* TASK STATEMENT
Only the lines from the one containing "近日有信息显示出,北方大陆生" through the end of the data below are to be repeated, exactly as given, without pictures.

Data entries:
————————
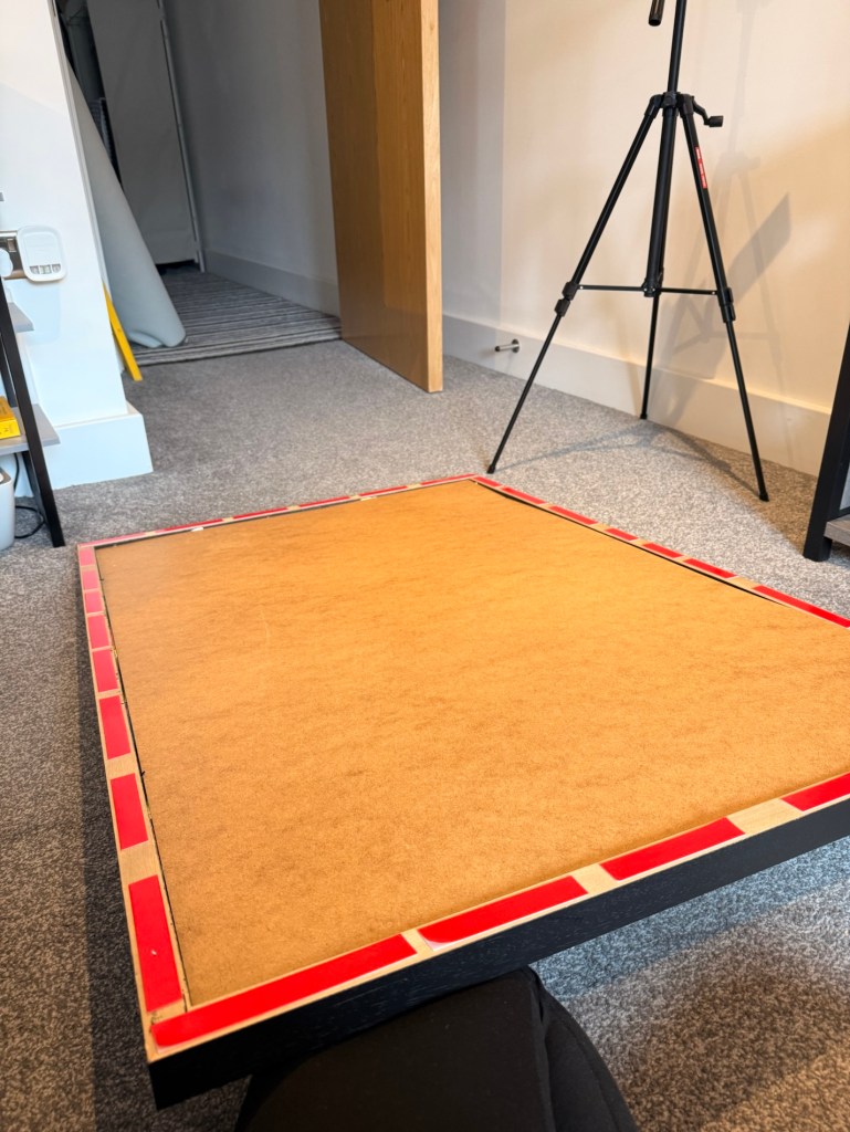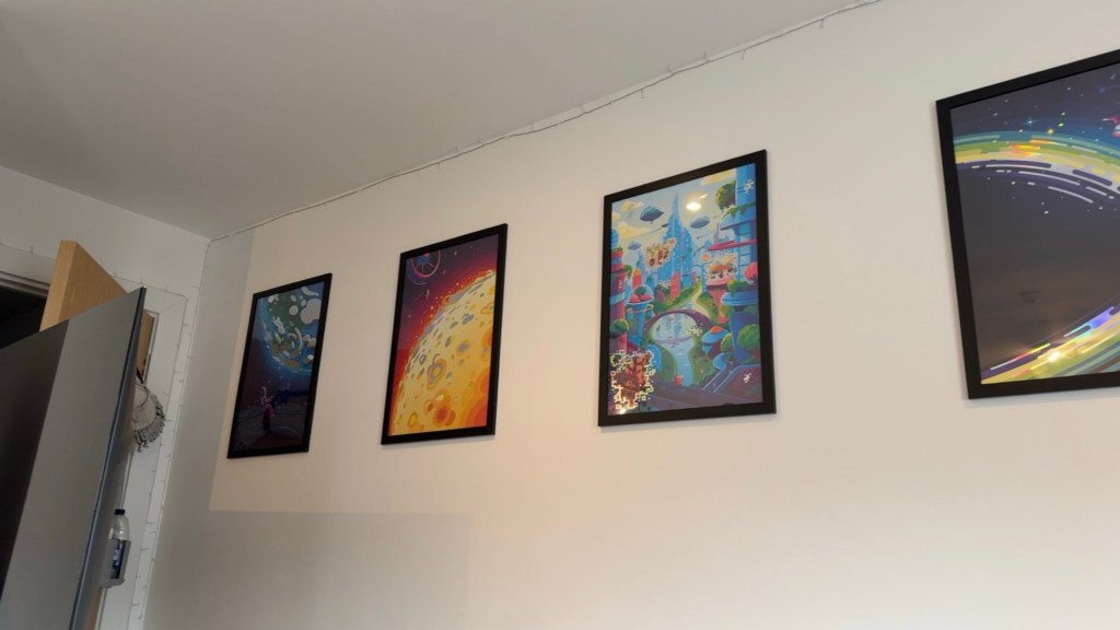 The frame really didn’t take too long to arrive, and I had to cut down my painting ever so slightly and I have to do a few repairs on the bottom right corner, but for the most parts it fitted like a glove. I stuck it up with no more nails tape and it stayed up perfectly.
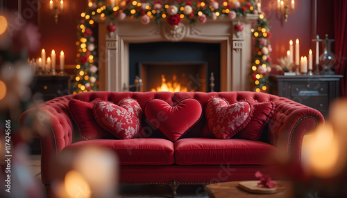 Cozy sofa with romantic decor for a valentine's evening
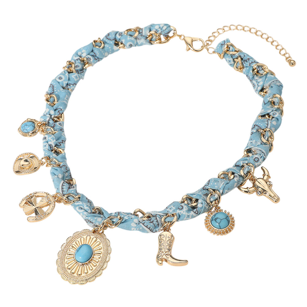Details • Necklace Size : 17" + 3.25" L • Decor Size : 1.5" L • Channel rustic charm with this western-inspired necklace featuring a fabric-wrapped band and detailed gold pendants like boots, hats, and horseshoes. Accented with textured medallions and a steer head charm, it’s perfect for cowgirl flair. Adjustable fit for layered or solo styling. • Lead and Nickel Compliant
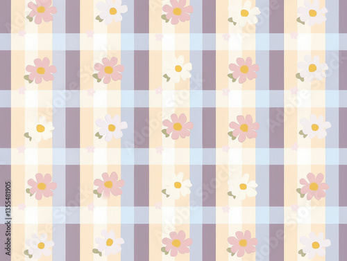 charming gingham pattern with pastel colors features delicate flowers, creating soft and inviting design. combination of stripes and floral elements adds playful touch
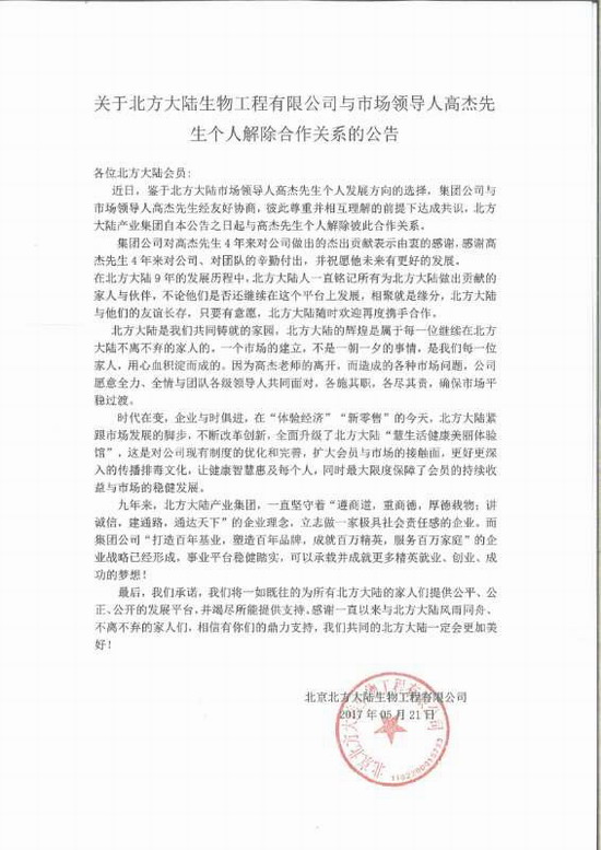 近日有信息显示出,北方大陆生物工程有限公司与市场领导人高杰先生个人解除合作关系的公告。
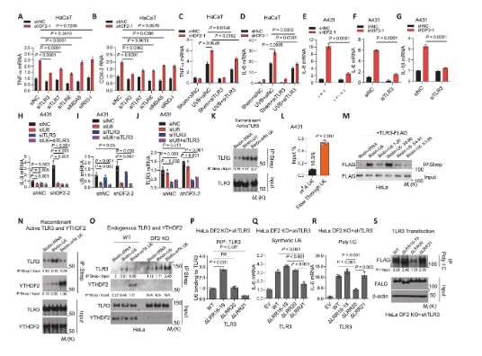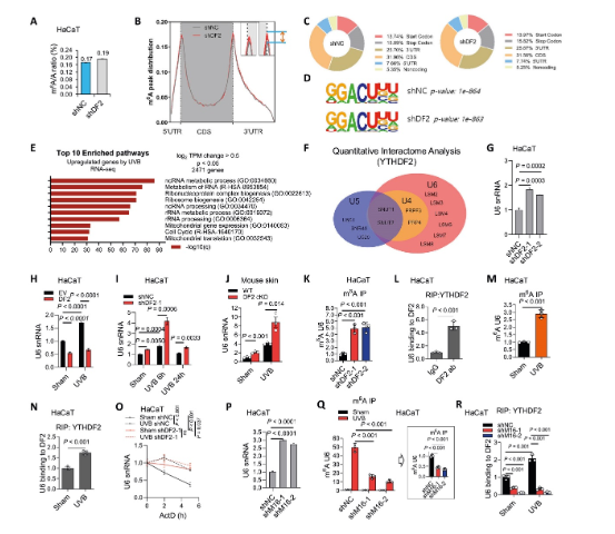 同时,慢性炎症是多种癌症的关键驱动因素,而紫外线(UVB)是诱导皮肤炎症和皮肤癌的主要环境因素。尽管已知Toll样受体3(TLR3)能识别外源双链RNA引发免疫反应,但其如何被内源性RNA激活并参与肿瘤发生,机制尚不明确。本研究正是在此背景下,探索m⁶A修饰的自我非编码RNA(以U6 snRNA为代表)是否以及如何通过YTHDF2阅读蛋白,调控天然免疫应答和肿瘤发生,从而连接表观转录组学、炎症与肿瘤三大领域。
————————
* ANSWER TO THE EXERCISE
 近日有信息显示出,北方大陆生物工程有限公司与市场领导人高杰先生个人解除合作关系的公告。
 同时,慢性炎症是多种癌症的关键驱动因素,而紫外线(UVB)是诱导皮肤炎症和皮肤癌的主要环境因素。尽管已知Toll样受体3(TLR3)能识别外源双链RNA引发免疫反应,但其如何被内源性RNA激活并参与肿瘤发生,机制尚不明确。本研究正是在此背景下,探索m⁶A修饰的自我非编码RNA(以U6 snRNA为代表)是否以及如何通过YTHDF2阅读蛋白,调控天然免疫应答和肿瘤发生,从而连接表观转录组学、炎症与肿瘤三大领域。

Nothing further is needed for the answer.